=== Section Start ===

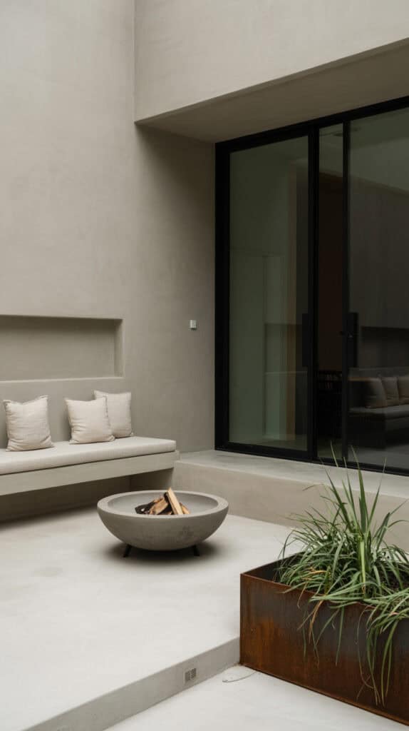 If you want something sleek but not cold, try polished concrete floors with custom built-in benches along two sides of the courtyard. Use cushions in soft earth tones or linen blends, and keep tables low and wide—more lounge than lunch. Accent with planters made of corten steel or natural stone.
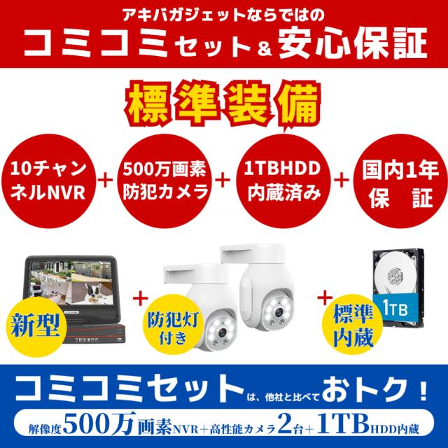 防犯カメラ poe給電 屋外 PTZ 2台セット 家庭用 監視カメラ 10インチ モニター付き 500万画像 赤外線暗視 双方向音声 遠隔監視 防水 屋内 電源工事不要
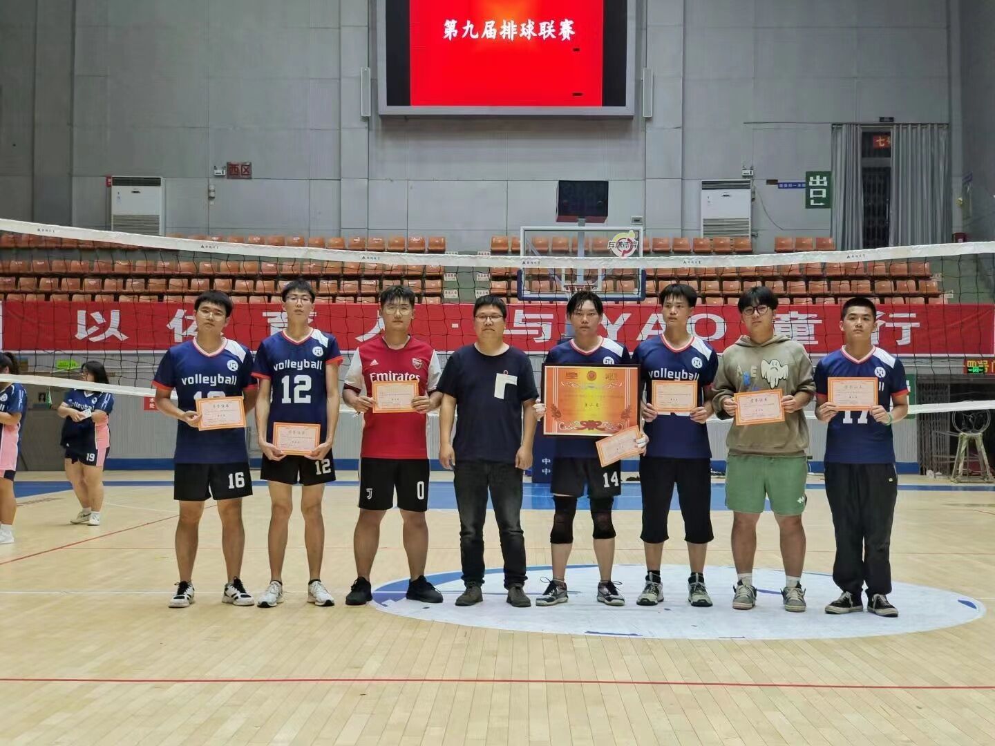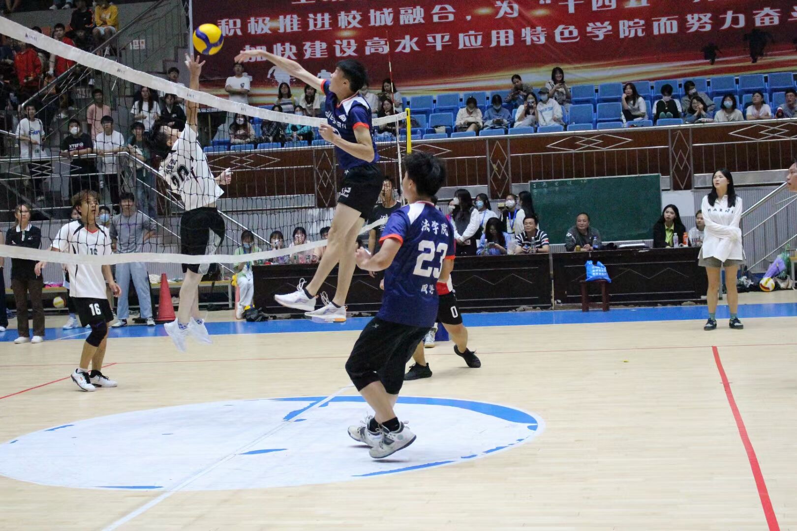紧接着的是男排决赛,法学院对战能机院。比赛中比分胶着攀升,但能机院男排仍略胜一筹。即便如此,法学院男排依旧顽强坚持,最终获得本次比赛的亚军。
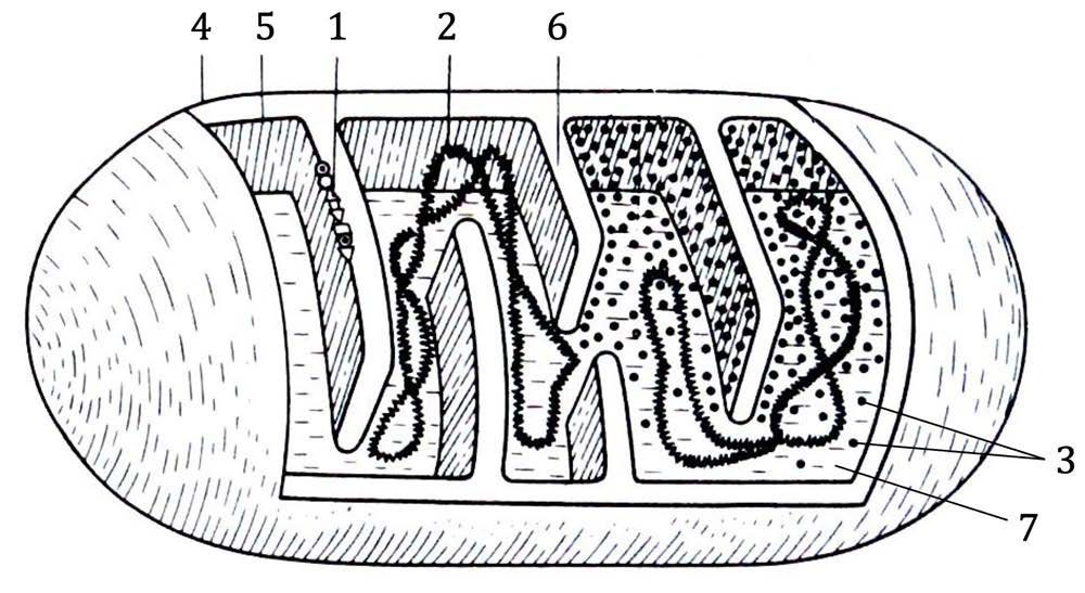 Задание 5. Какой цифрой на рисунке митохондрии обозначена среда для протекания реакций цикла Кребса?
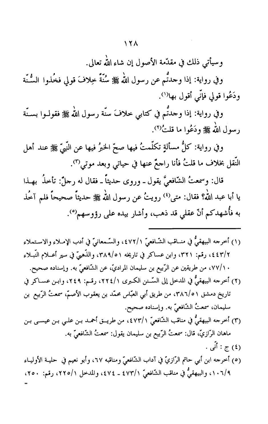 قال: وسمعت الشافعي يقول - وروي حديثا - فقال له رجل: تأخذ بهذا يا أبا عبد الله؟ فقال: متى رويت عن رسول الله صلى الله حديثا صحيحا فلم آخذ به فأشهدكم أن عقلي قد ذه, وأشار بيده على رؤوسهم.
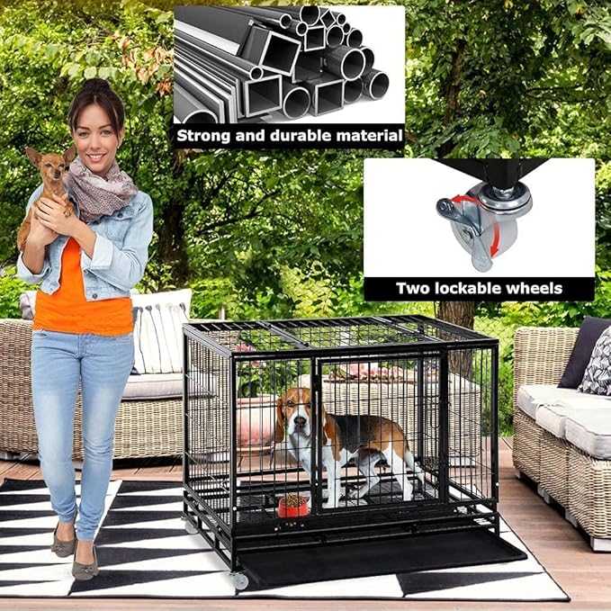 - ▲【LOCKABLE WHEELS】Our dog cage includes four rolling casters (two lockable) for easy transfer from room to room. Two wheels have locks to prevent accidental movement and keep your dog crate securely in place. The dog dog kennel provides a secure and convenient use in your daily life.dog kennel dog crate dog cage
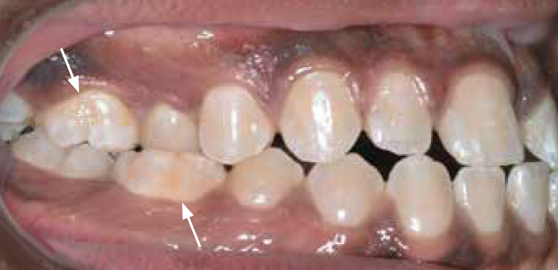 A common developmental abnormality is a localized anterior crossbite on permanent incisors, which may lead to trauma to these teeth. The most common cause of localized incisor crossbite is an anterior occlusal interference, which causes a functional shift when the patient moves from centric relation to centric occlusion (Figure 1 and Figure 2). This is not a true class III malocclusion, and proper diagnosis is critical to select the correct treatment. Sometimes this bite relationship is called a pseudo-class III relationship.2 Intervention in these cases is important because these teeth are at higher risk for recession, periodontal damage, and incisal chipping. Limited anterior braces and sometimes a palatal expander may be used to place the maxillary incisors facial to the mandibular incisors; this is referred to as "jumping the bite."
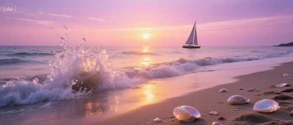 deepseek给出的是:“夕阳沉入海平线时刻,粉紫色渐变天空与金色波光交织,飞溅的浪花凝结成水晶状,沙滩上散落着半透明贝壳,远处帆船剪影划过渐层色海面,长曝光摄影风格呈现丝绸质感海浪,冷暖色调对比强烈,8K超高清细节”
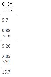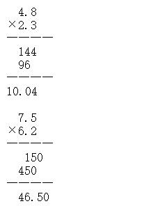 5. 2.37×10=23.7升 23.7×3=71.1升 6. 105.3×8=842.4平方米
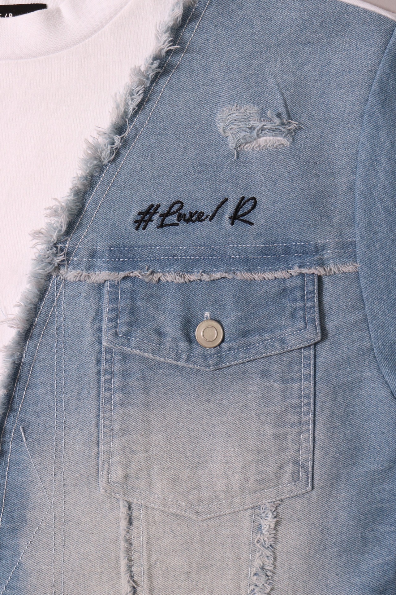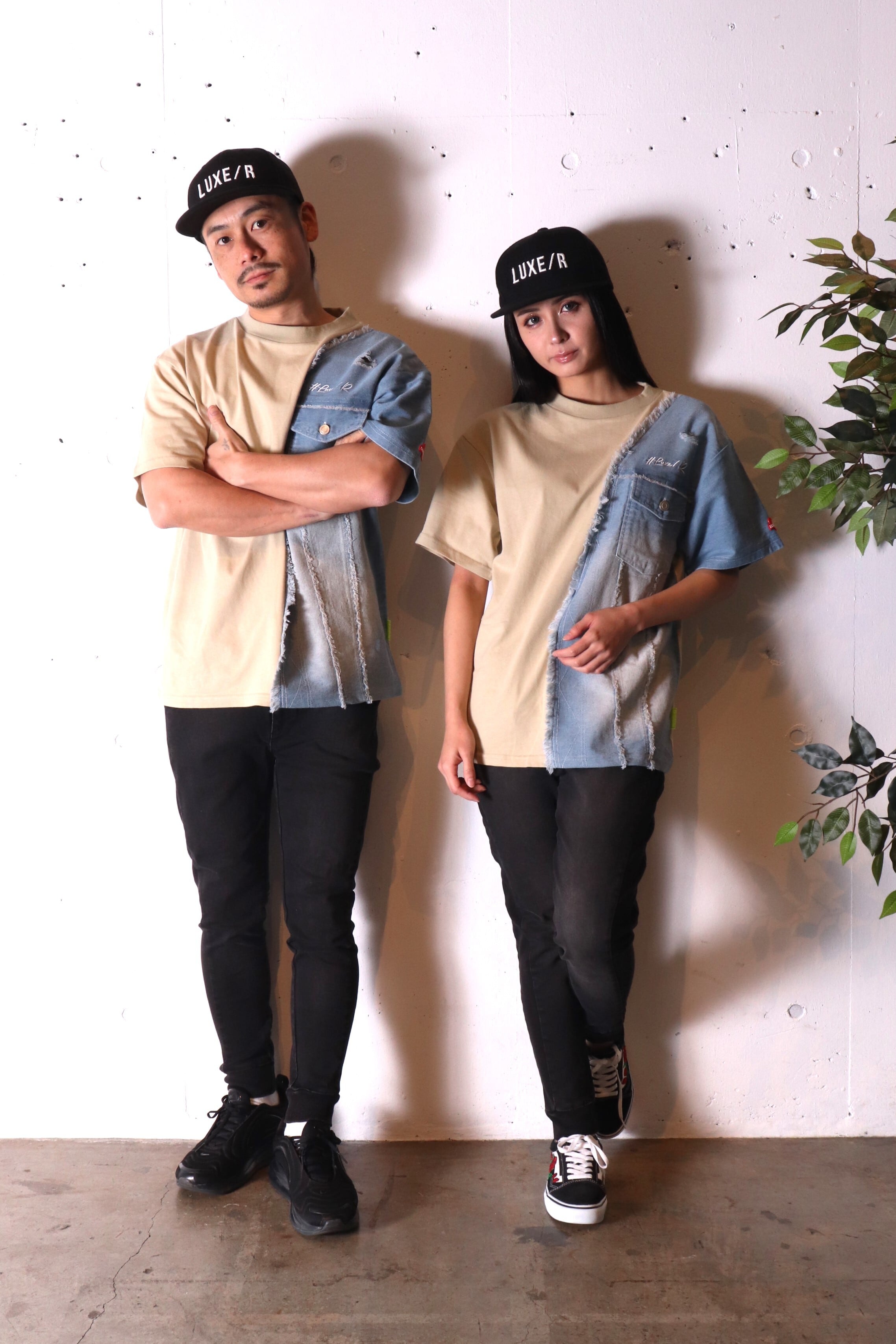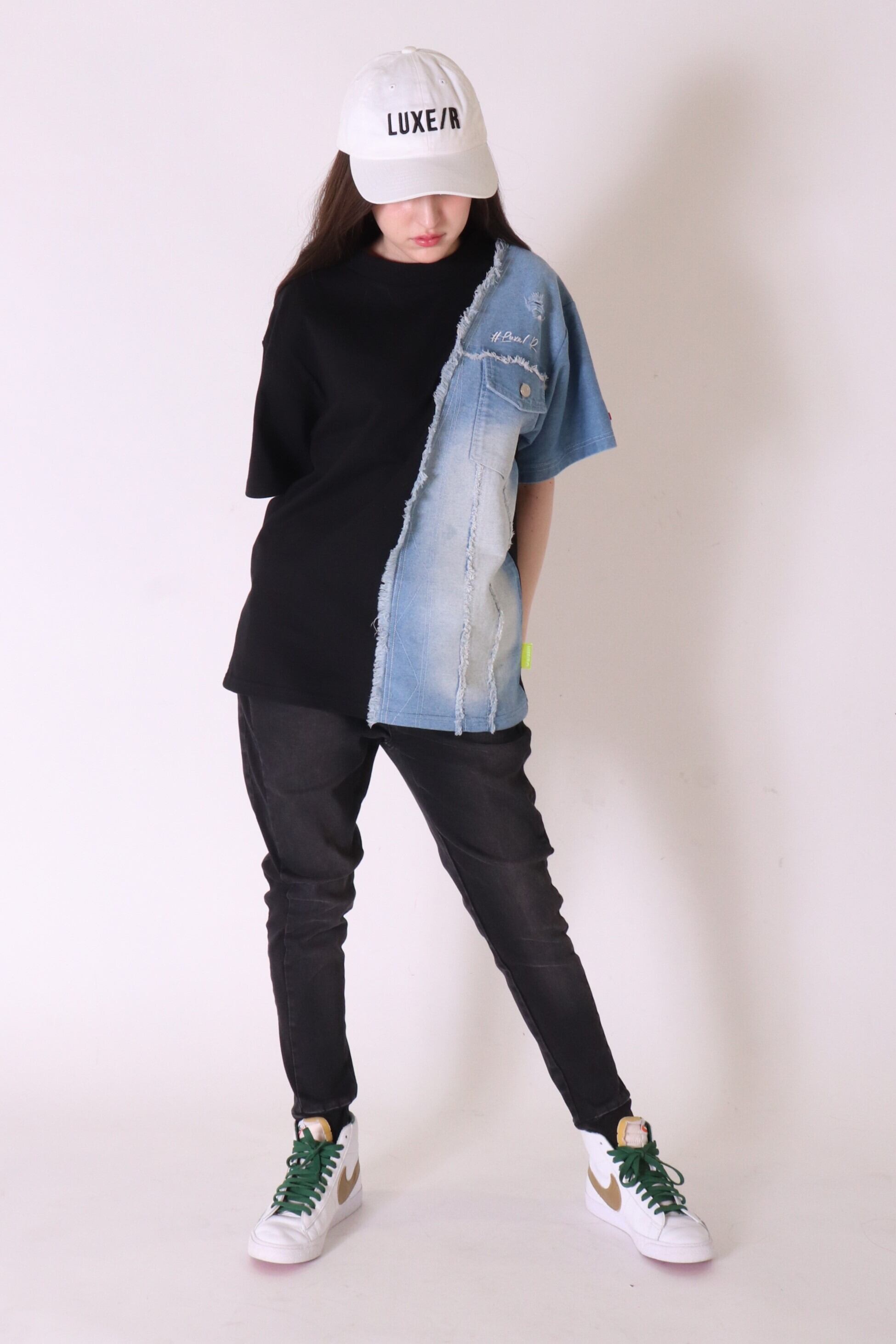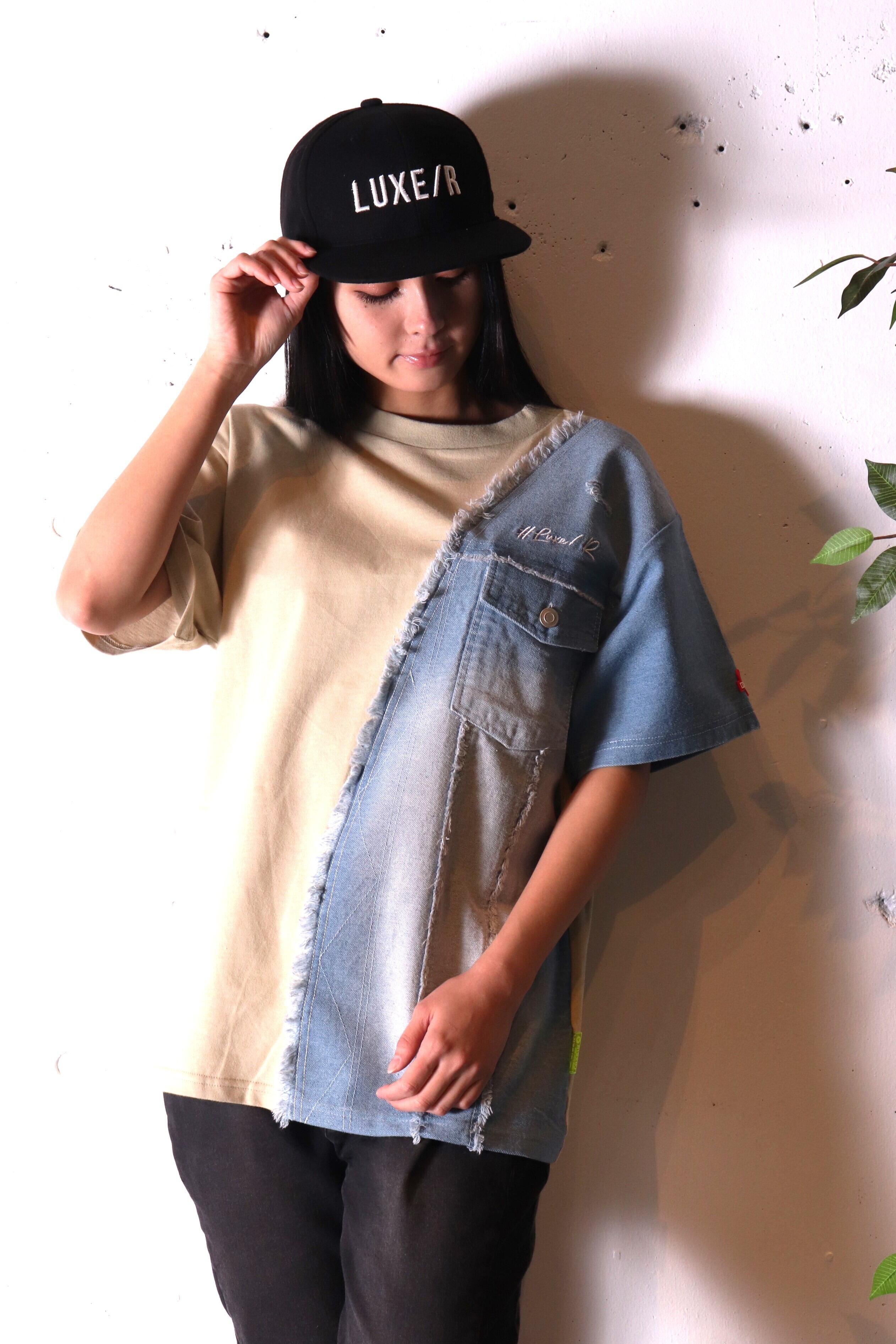 【LUXE/R】(ユニセックス商品)デニム切り替え天竺貼り付けTシャツ(45631)
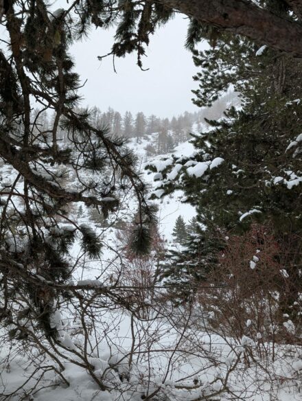 Nous avançons sans peine, le contact de la neige est agréable au pas. Le sentier est tantôt à découvert tantôt protégé par des rangées de sapins qui m’incitent à penser qu’en été, ce chemin est peut-être ombragé…
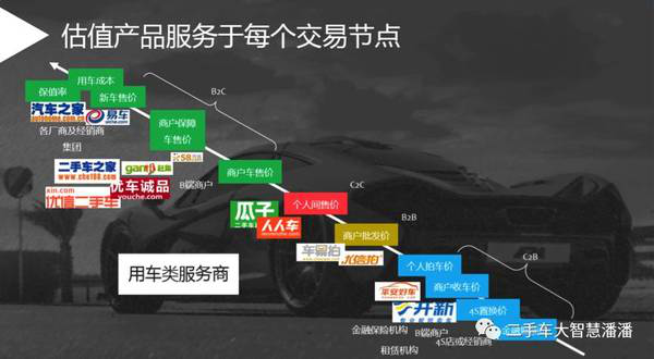 13年的时候,笔者在知乎上写过一篇文章,大概阐述了二手车行业价值链中所产生的服务价值点,每个价值链的节点都是交易,那么估值的产品服务应该是所有交易的节点。
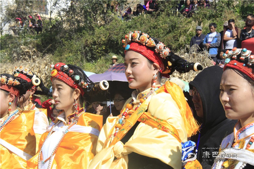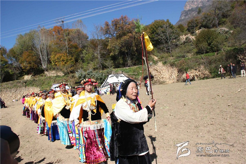 所有的祈福儀式結(jié)束后,村子里一位德高望重的長(zhǎng)輩走上圓臺(tái),用雄渾有力的嗓音向場(chǎng)地外等候的人們發(fā)出指令。在一段念詞結(jié)束之后,參加成人儀式女孩們的父親們?cè)谝晃焕先说闹敢戮従彽南驁?chǎng)地中央走來(lái),老人手舉一幅一米高的唐卡畫(huà),口中念念有詞,走在他后面的父親們一襲白色的毪衫,頭戴一頂灰色的禮帽,腳穿紅黑相間的藏靴,頸上掛著一根潔白的哈達(dá),滿臉肅然的緊隨老人之后,來(lái)到月形的臺(tái)子邊,站成一個(gè)半圓形。當(dāng)父親隊(duì)站定后,母親隊(duì)們也向場(chǎng)地中移步而來(lái),本次成人儀式的主角們?cè)谝晃焕习尩膸ьI(lǐng)下向場(chǎng)地中走來(lái),每一位女孩穿著打扮都是那么的光鮮靚麗,每一個(gè)人都顯得美麗動(dòng)人,她們披著黃色的披風(fēng),一根白色的哈達(dá)在胸前打著結(jié),五顏六色的哈達(dá)懸掛在這根哈達(dá)上,在姑娘們的后背迎風(fēng)飄飛。走到圓臺(tái)邊,小女孩們也圍成半圓,低著頭,等待著喇嘛們的念經(jīng)祈福和家人的祈福。此時(shí),兩位吉祥老人站了起來(lái),手中拿著凈瓶,走到姑娘們面前,一邊念誦經(jīng)文,一邊將手中凈瓶里的水倒在姑娘們的手心里,姑娘們則虔誠(chéng)的將這圣水輕輕的抹在自己的額頭上,寓意吉祥如意。待喇嘛主持儀式結(jié)束后,主持儀式的老人用嘉絨語(yǔ)向蒼天和墨爾多神山祈禱,希望神賜予孩子們美麗的面容和美好的心靈,從今日起,她們就可以真正的長(zhǎng)大成人了。吉祥詞念誦完后,母親們排著長(zhǎng)長(zhǎng)的隊(duì)伍緩緩來(lái)到孩子們的面前,將懸掛在胸前的哈達(dá)取下,久久的凝視著女兒的臉,眼角掛著幸福的淚水,用顫抖的聲音為女兒祈福,叮囑孩子們要孝敬父母,做一個(gè)正直善良的人,然后,才將白色的哈達(dá)掛在女兒的頸上,父親們則站在原地,看著母親們將哈達(dá)和祝福送給女兒,見(jiàn)證著女兒們的長(zhǎng)大成人。接受完父母和長(zhǎng)輩們的祝福之后,盛大的鍋莊舞會(huì)開(kāi)始了。小女孩們也跟隨著這些舞者們手牽著手走到場(chǎng)地中央,跳起歡快的鍋莊舞。擁忠大娘說(shuō),成年禮上的鍋莊舞會(huì)一般都要視參加成人禮儀式女孩們親戚多寡而定,每一名長(zhǎng)輩都會(huì)走到場(chǎng)地中牽頭,跳起舞蹈,這時(shí)候是女孩的長(zhǎng)輩們炫耀舞技和歌聲的時(shí)候,他們矯健的舞步和甜美的歌喉迎來(lái)眾人的和鳴。

=== Section End ===

* Problem details *
Write out exactly the lines above between the one with "قال: وسمعت الشافعي" and the one with "- ▲【LOCKABLE WHEELS】Our", inclusive, with pictures left out.

* Final answer *
 قال: وسمعت الشافعي يقول - وروي حديثا - فقال له رجل: تأخذ بهذا يا أبا عبد الله؟ فقال: متى رويت عن رسول الله صلى الله حديثا صحيحا فلم آخذ به فأشهدكم أن عقلي قد ذه, وأشار بيده على رؤوسهم.
 - ▲【LOCKABLE WHEELS】Our dog cage includes four rolling casters (two lockable) for easy transfer from room to room. Two wheels have locks to prevent accidental movement and keep your dog crate securely in place. The dog dog kennel provides a secure and convenient use in your daily life.dog kennel dog crate dog cage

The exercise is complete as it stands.